The Indian government’s Ministry of Road Transport and Highways (MoRTH) has approved a new class of vehicle to ply on Indian roads – the quadricycle. The ministry has already issued a notification on the standards for quadricycles, like weight, emission and safety worthiness.
A vehicle will be classified as a quadricycle if its kerb weight is under 475kg, it passes the new safety and crash tests that have been mandated, and clears emission tests that have been created for various powertrains including petrol, diesel, CNG, LPG, hybrid and even electric. The safety standards are said to be even more stringent than the European standards for quadricycles.
This move is expected to finally provide a green light to Bajaj’s Qute, a quadricycle that has, till now, been barred from launching in India due to a legal dispute regarding its category.

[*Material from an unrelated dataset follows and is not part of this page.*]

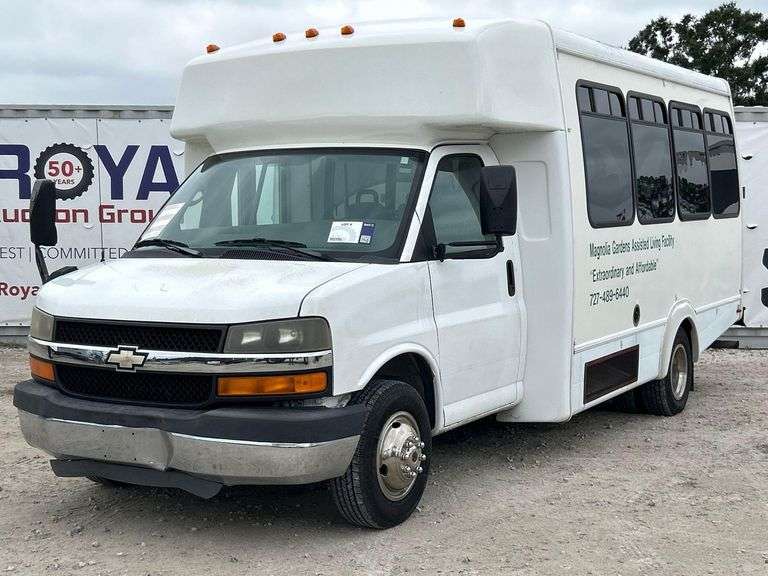 VIN:1GB6G3AG6A1152853 Odom Reads 52,502 miles, pwd by 6.0L V8 gas engine, automatic transmission. Equipped with: 12 passenger seating, wheelchair lift, tow package, bi-fold entrance door, dual rear wheels, steering wheel cruise, am/fm/cd stereo, front and rear AC control. Runs and drives. Limited function check completed during check in.

The model had originally debuted way back at the 2012 Auto Expo as the RE60. Despite hurdles in its home market, Bajaj Auto has introduced the Qute in 11 international markets thus far (from Mexico and Peru to Sri Lanka and Indonesia), and plans to launch it in 10 more markets before the end of the year. During the last fiscal, Bajaj exported 5,000 units of the Qute and hopes to double that figure this year.

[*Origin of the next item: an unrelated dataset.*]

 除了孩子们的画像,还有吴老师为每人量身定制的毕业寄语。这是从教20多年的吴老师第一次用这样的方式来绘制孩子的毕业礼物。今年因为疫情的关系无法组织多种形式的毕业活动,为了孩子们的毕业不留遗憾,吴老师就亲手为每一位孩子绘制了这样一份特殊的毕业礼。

Powering the 400kg Qute is a rear-mounted 216cc, water-cooled, single-cylinder petrol engine mated to a four-speed manual transmission. Bajaj Auto claims a 70kph top speed and a fuel economy of 35kpl. Meant for extra urban transport, the quadricycle is 2.75m long, 1.3m wide, has 44 litres boot space and comes in 2+2 or 1+3 seating configurations.
The Qute is expected to be launched in India in the next few months, pending approval from the Automotive Research Association of India (ARAI). The model will roll out of Bajaj Auto’s plant in Chakan alongside the brand’s three-wheelers, suggesting the Qute is not going to replace them immediately.